Dalam beberapa saat lagi, para senator Brasil yang baru saja dilantik akan memilih presiden baru Senat untuk dua tahun ke depan. Petahana Rodrigo Pacheco, yang didukung oleh Presiden Luiz Inácio Lula da Silva, akan menghadapi pendatang baru Rogério Marinho, yang didukung oleh saingan utama Lula, mantan Presiden Jair Bolsonaro.
Secara resmi, Pak. Pacheco mendapat dukungan dari bangku partai yang terdiri dari 40 senator, hanya terpaut satu anggota dari mayoritas 41 suara yang dibutuhkan untuk menang. Namun, para senator memilih melalui pemungutan suara rahasia, yang berarti kesetiaan terhadap partai bukanlah jaminan bagaimana seorang senator akan memilih.
Publik, hanya 37 senator berjanji pada Tuan. Pacheco untuk memilih.
Tn. Marinho, yang menjabat sebagai menteri pembangunan daerah di bawah Jair Bolsonaro, mendapat dukungan publik dari 30 senator. Dia mengandalkan orang-orang yang putus sekolah dari kamp Pacheco.
Kedua kandidat sangat terlibat dalam “anggaran rahasia,” yaitu sistem hibah parlemen yang tidak jelas yang dirancang oleh pemerintahan Bolsonaro yang telah memberikan anggota parlemen kekuasaan yang belum pernah terjadi sebelumnya atas anggaran federal dengan imbalan dukungan politik. Tn. Pacheco adalah salah satu pemimpin pencairan anggaran rahasia, sementara Mr. Marinho sebagai kepala kantor adalah tempat asal sebagian besar dana.
Tn. Pacheco membantu pemerintahan Bolsonaro dengan menolak membentuk komite terpilih mengenai kesalahan pemerintah dalam menangani pandemi Covid. Dia kemudian dipaksa melakukannya atas perintah Mahkamah Agung. Pada tahun 2022 Bpk. Pacheco menunda dan akhirnya membunuh komite terpilih untuk menyelidiki korupsi di Kementerian Pendidikan.
Terlepas dari daftar jasanya kepada pemerintahan Bolsonaro, pemerintahan Lula memilih untuk menunjuk Mr. untuk mendukung Pacheco, yang bukan pendukung setia Bolsonaro. Di sisi lain, Pak. Marinho sangat didukung oleh Partai Liberal Bolsonaro dan mantan menteri kabinet lainnya yang terpilih sebagai senator.
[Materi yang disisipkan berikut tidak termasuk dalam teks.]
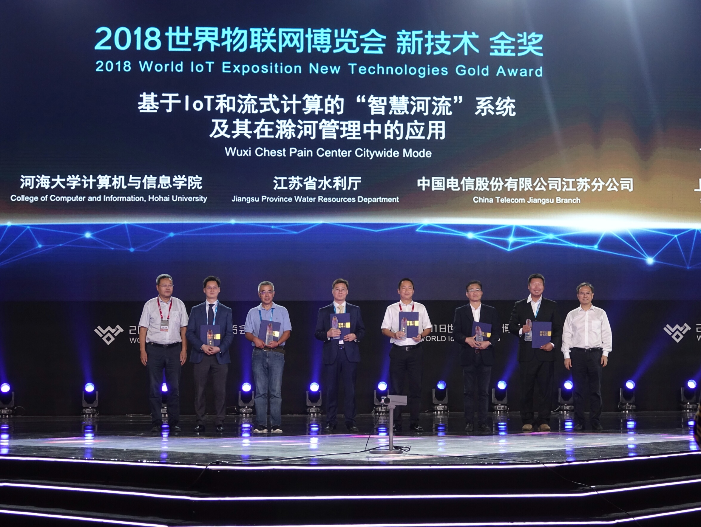 9月15日,2018世界物联网博览会新技术新产品新应用成果发布会在无锡举行。以老王论坛 计算机与信息老王论坛 为主,联合江苏省水利厅、中国电信江苏公司研发并申报的“基于IoT和流式计算的‘智慧河流’系统”,获得大会金奖,并获得由多位院士组成的专家委员会的高度评价。王志坚教授代表整个项目团队领取了金奖奖杯和证书,老王论坛 领导张雪刚书记、叶保留院长作为获奖单位嘉宾也受邀参加了本次盛会。
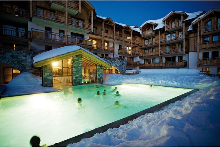 Ontdek het in de volle zon verwarmde buitenzwembad, waar u kunt ontspannen terwijl u de omliggende bergtoppen bewondert. Profiteer van de gemeenschappelijke ruimtes en de aangename ontvangstruimte met zijn prachtige open haard, warm en bevorderlijk voor ontspanning. De vakantieresidentie biedt 2 spa-ruimtes met een eigen wellnessruimte van 150 m² met sauna, hamam, jacuzzi en behandelkamers.
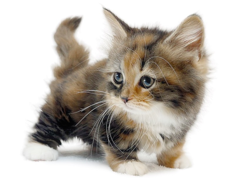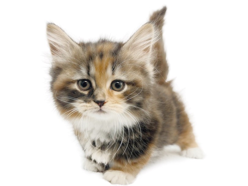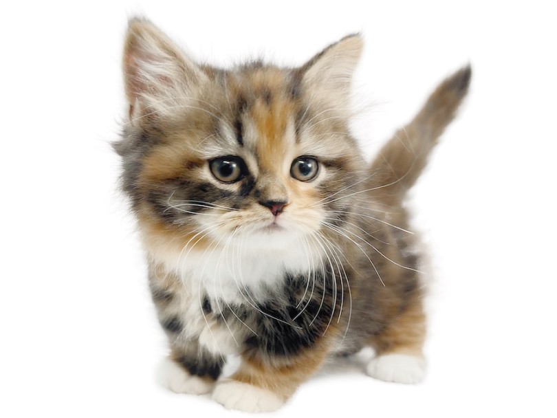 キャリコ(三毛猫)にタビー(縞模様)が入ったブラウンパッチドタビー&ホワイト。
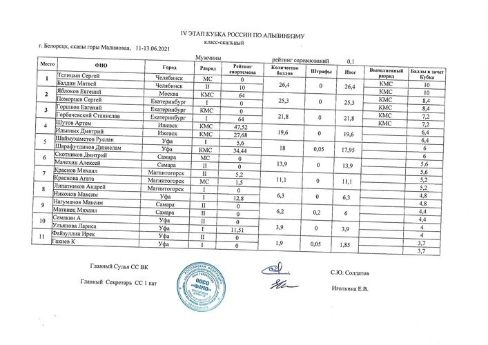Итоги IV этапа Кубка России в скальном классе
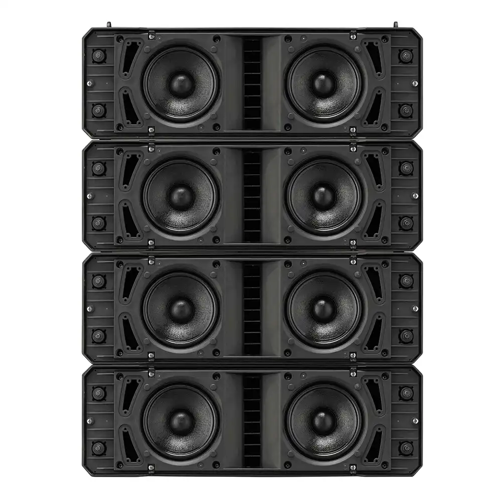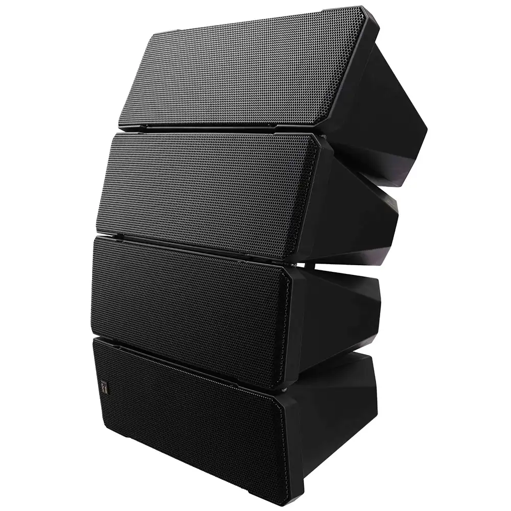 - طراحی بلندگو شامل چهار ماژول یکپارچه است که میتوانند به صورت جداگانه برای بهینهسازی زاویه پخش عمودی تنظیم شوند.
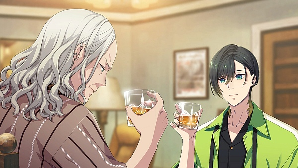 Crow Miller – Warning, this is my fav character so incoming word dump lol. What I liked at the start of his common route is the fact that he’s a simple man: Teuta is crying about Luka and Adam, he cheers her up with her favorite magazine and a box of donuts. 🥰 Most of the common route I recalled the scenes with the other guys and honestly Crow’s were just the sweetest and my absolute favorite. ♥️♥️ Crow’s sleeping schedule is backwards from everyone else so he typically sleeps during the day and wakes up all night. He even has dreams that he’s this ikeman during a heist and Teuta yells “I love you!!” to him over and over🥹🤣 Crow and Teuta even have their own special hand shake and want to see movies together on the biggest screen in town. One day after Teuta and Crow leave the cafe for some reason characters from Sidekicks, Chika and Nora suddenly tumble Crow over and handcuff him. Teuta demands to see his police badge but he just shows her his Sakrada driver’s license lmfao. 😂 When they get to the police station Luka is laughing her ass off seeing Crow in handcuffs lmao. Apparently Luka had called Chika and Nora over to New Sieg to help her create a team to battle cyber terrorists. Luka had asked for their best cyber specialist but Sakrada was like if we send Shishiba we’re basically screwed so uh here’s Chika instead. (Also because then Shirai Yusuke would have to voice 2 characters at once 🤣🤣🤣).
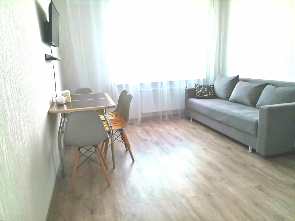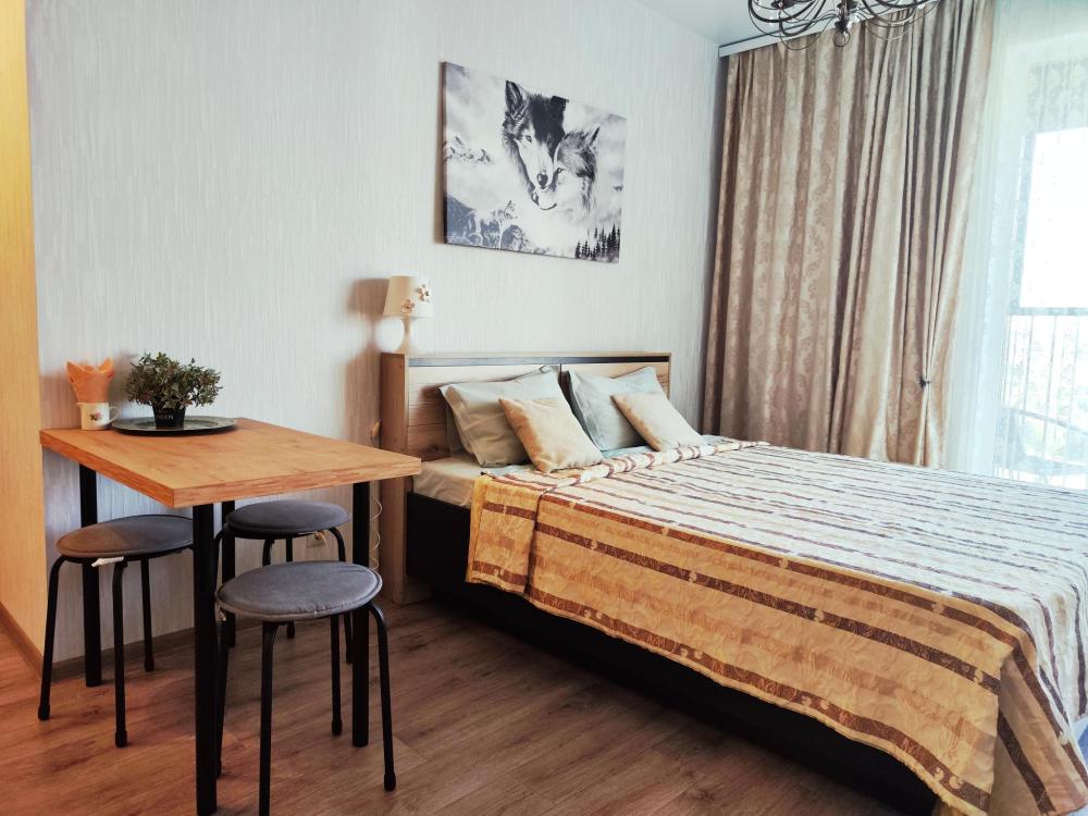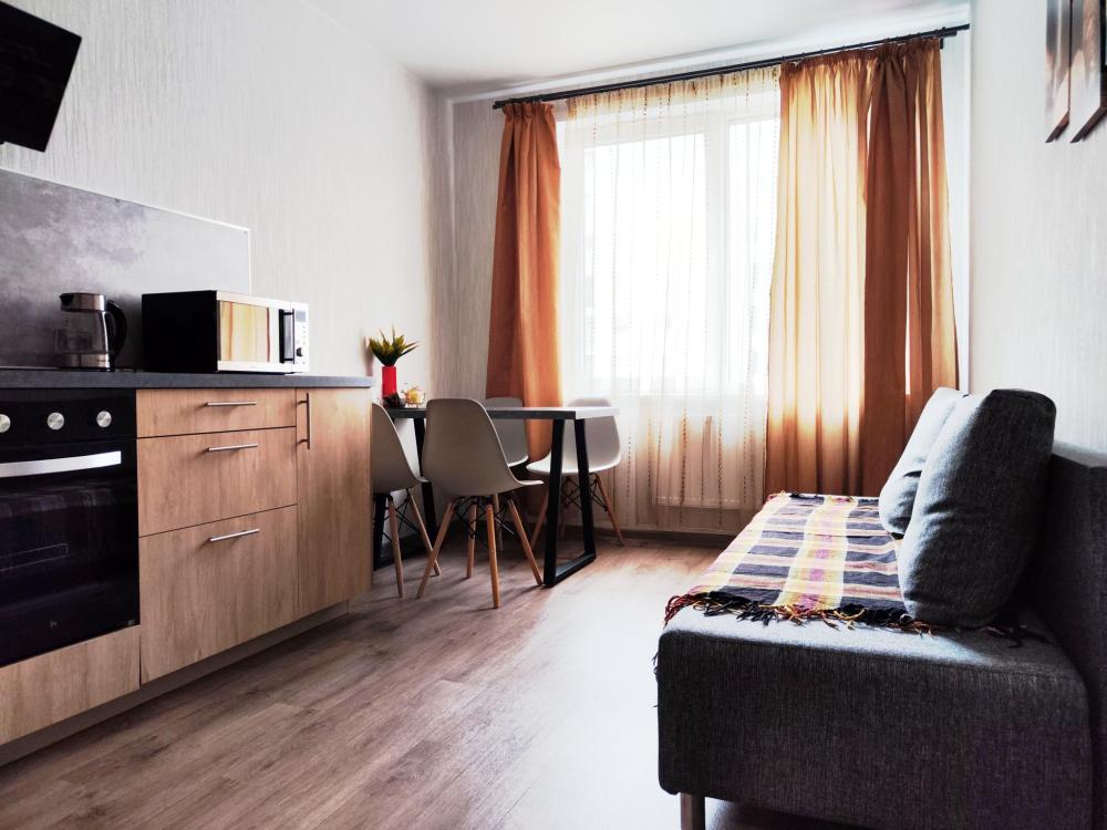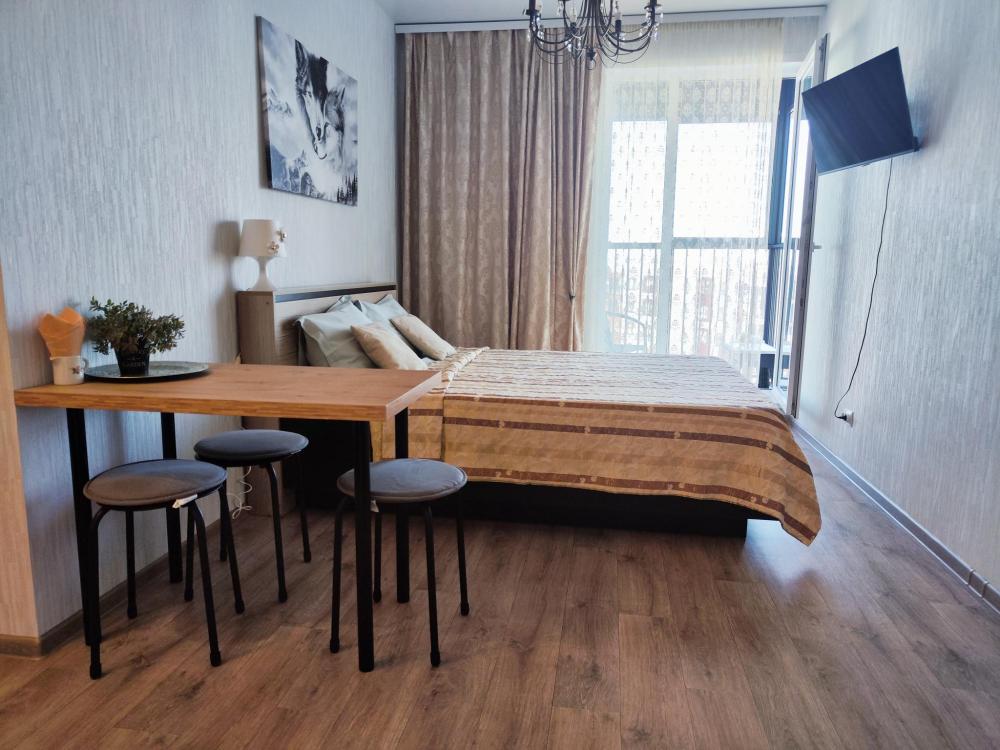 Квартира , состоит из 1 комнаты и кухни, для проживания до 4 человек. Есть все необходимое для комфортного проживания. Изюминкой квартиры является большая терраса.
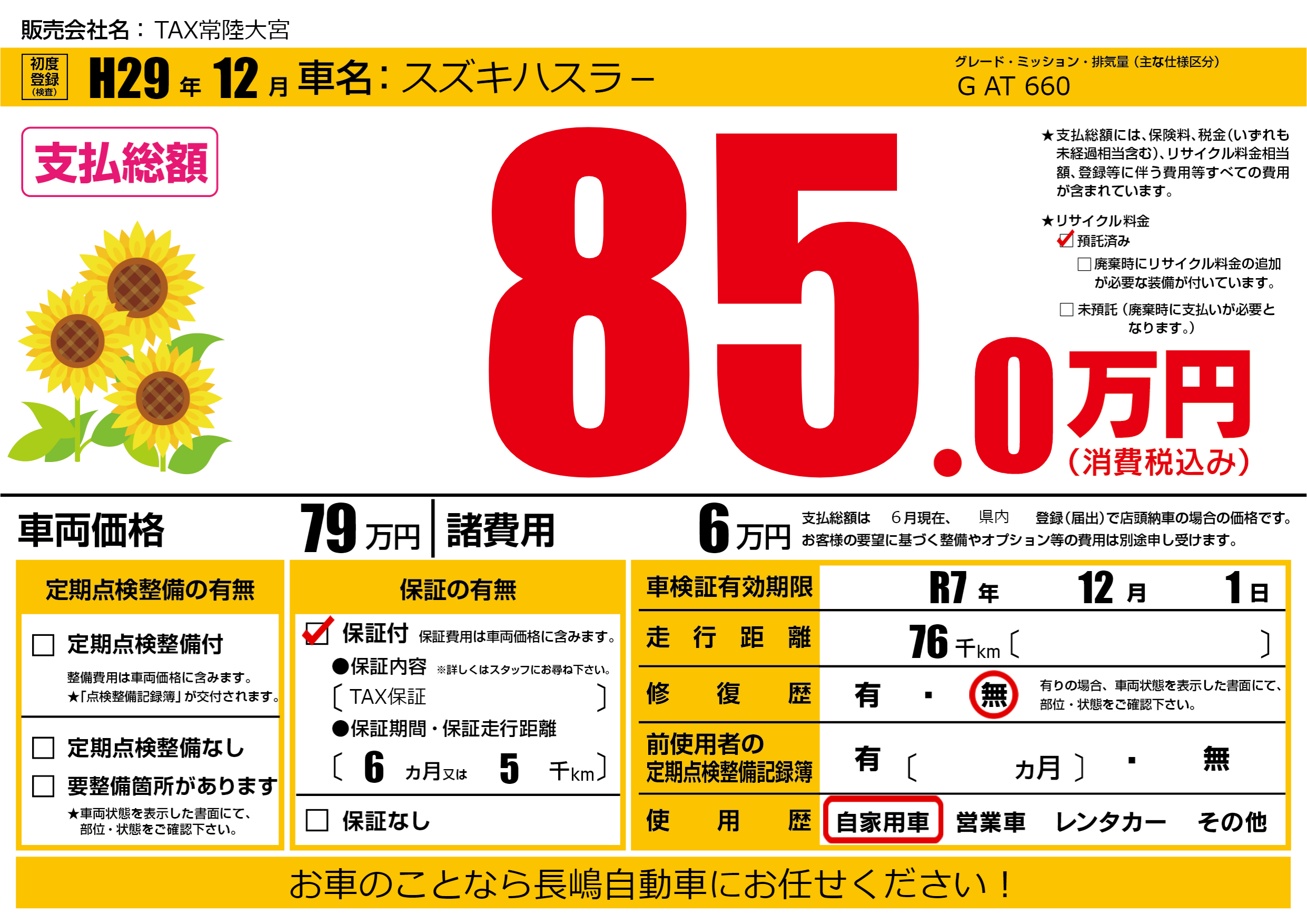 保証付き 保証内容(TAX保証) 6ヶ月または(5)千kmまで |
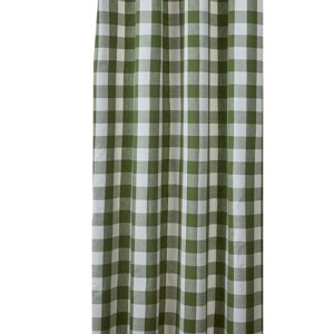 For classic country appeal, dress your shower with this gorgeous cream and sage green buffalo check shower curtain. This stylish curtain is made from thick, high-quality cotton and is generously sized so that it will fall into elegant folds. The header features 12 buttonholes and coordinating textile assortments are available, including window treatments to complete your bathroom decor.
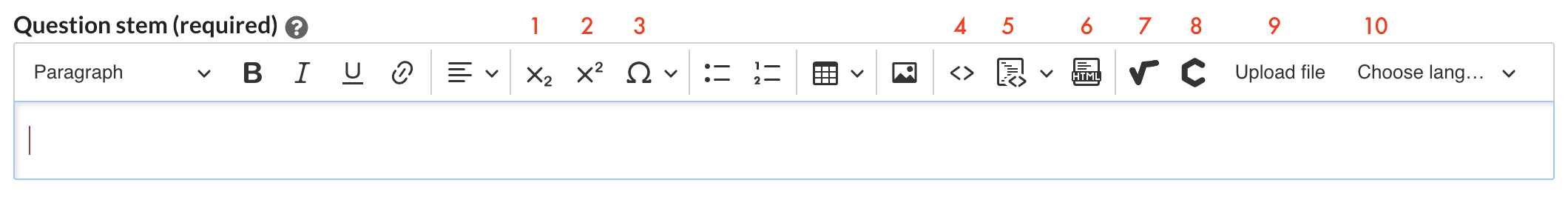<figure><img src="https://3316915154-files.gitbook.io/~/files/v0/b/gitbook-x-prod.appspot.com/o/spaces%2F-MkgvUeCmTPeNouRxGPC%2Fuploads%2FL1CotWAGfJCxb6F4g4V5%2FScreenshot%202023-06-15%20at%2015.14.46.png?alt=media&#x26;token=a81f0e09-58ab-43d2-ad61-1f7b96fd79ec" alt=""><figcaption><p>Question text editor</p></figcaption></figure>
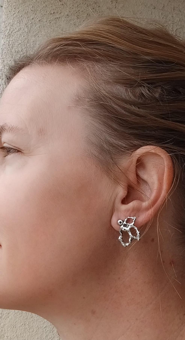 Entièrement façonnées à la main dans mon atelier, ces puces d’oreilles en argent massif incarnent la beauté du geste et l’élégance du naturel.
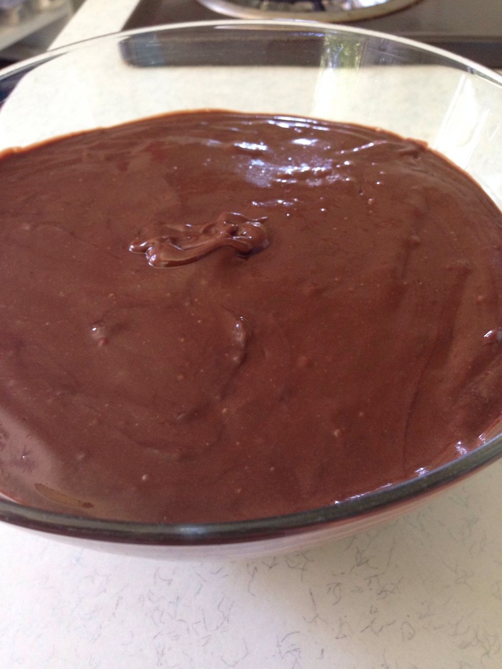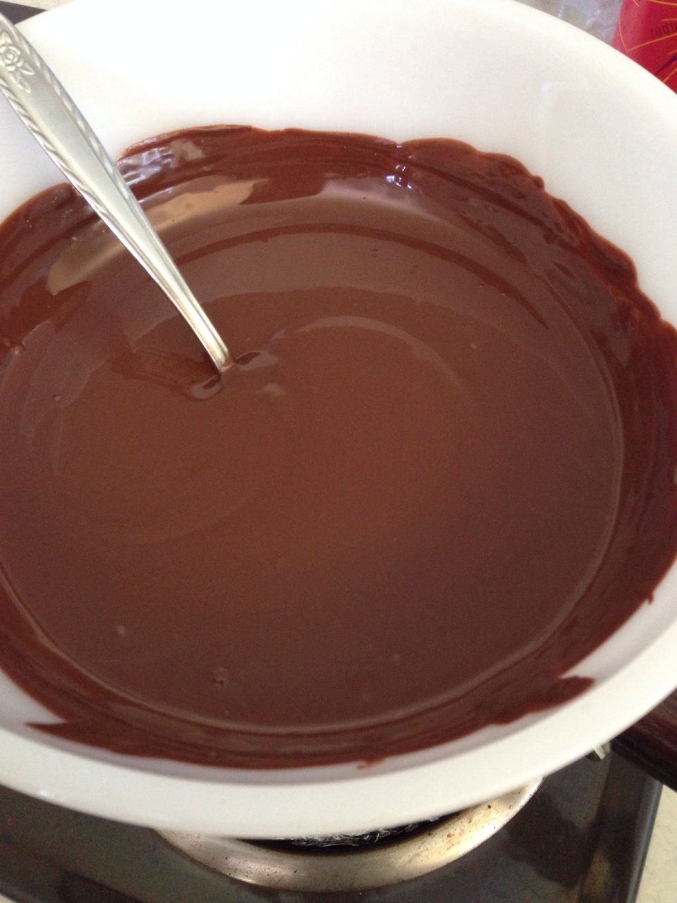 Put the bowl over a pan of very gently simmering water and let the chocolate melt until it's very smooth. Remove the bowl from the water and allow to cool.
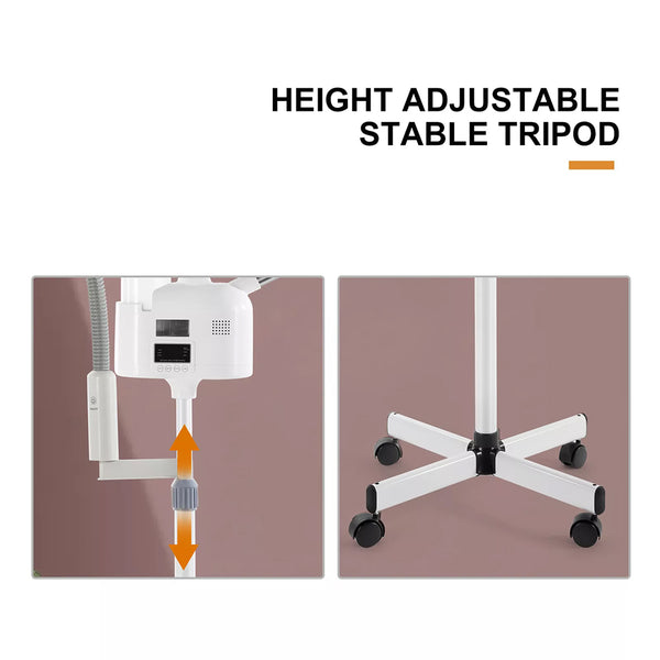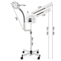 • Easy To Use - Facial steamer machine with 4-leg wheeled stable stand base that allows you to move around in the salon freely. Flexible arm can rotate left and right with 360 degrees and flip up and down 180 degrees. High adjustable from 37\"-45\"/40\"-48\".
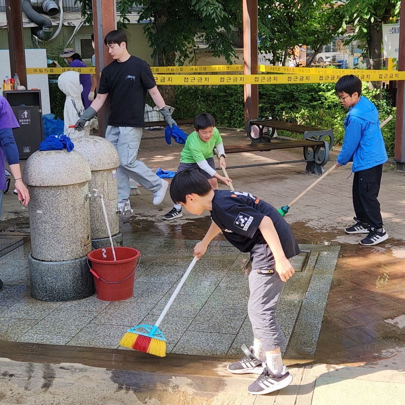 활동의 마지막은 다같이 쓰레기를 줍고 공원 전체를 청소 및 소독하는 작업을 했습니다. 이렇게 열심히 청소를 하던 와중 깜짝 도우미가 나타났는데요!

Sebuah kemenangan untuk Tuan. Marinho akan menjadi pukulan besar bagi pemerintahan Lula, yang agendanya hanya dapat dilaksanakan melalui beberapa amandemen konstitusi. Namun, hal itu memerlukan mayoritas 60 persen dalam dua putaran pemungutan suara di setiap kamar kongres. Dengan adanya lawan yang memimpin Senat, reformasi apa pun akan menjadi perjuangan yang berat.
Ada juga Pak. Marinho berharap untuk memasukkan isu-isu yang disukai kubu pro-Bolsonaro ke dalam agenda Senat, seperti “aktivisme yudisial” anggota Mahkamah Agung, yang dipandang sebagai hambatan bagi kelompok sayap kanan.
“Kemenangan bagi Rogério Marinho berarti berakhirnya pemerintahan Lula – setidaknya yang dilantik pada 1 Januari,” kata Mario Sérgio Lima, analis senior Brasil di Medley Global Advisors dan kolumnis untuk Laporan Brasil.
“Dengan adanya lawan aktif yang memimpin Senat, reformasi untuk dua tahun ke depan menjadi hampir mustahil. Empat tahun pemerintahan Bolsonarisme telah mengajarkan kita sesuatu, yaitu bahwa hal itu tidak pernah berubah menjadi moderasi,” tambahnya.
“Selain itu, kekalahan Lula di Senat akan menguatkan Ketua DPR Arthur Lira dalam hubungannya dengan pemerintah. Pemerintah akan menghadapi dua pilihan, yang tidak menarik: menuruti dorongan mencari keuntungan dari Big Center atau menjadi pemerintahan yang timpang selama dua tahun.
Pentingnya perselisihan mengenai pemilihan presiden Senat sedemikian rupa sehingga Alexandre Padilha, penghubung presiden dengan Kongres, berada di majelis tinggi untuk mendukung Trump. untuk merundingkan pencalonan Pacheco.
Tidak seperti anggota DPR, yang menggunakan panel elektronik dan memberikan suara dengan cepat, para senator melalui proses pemungutan suara yang panjang dan sangat formal di mana mereka dipanggil ke negara bagian satu per satu. Mereka memilih di kertas suara yang kemudian dihitung di depan umum.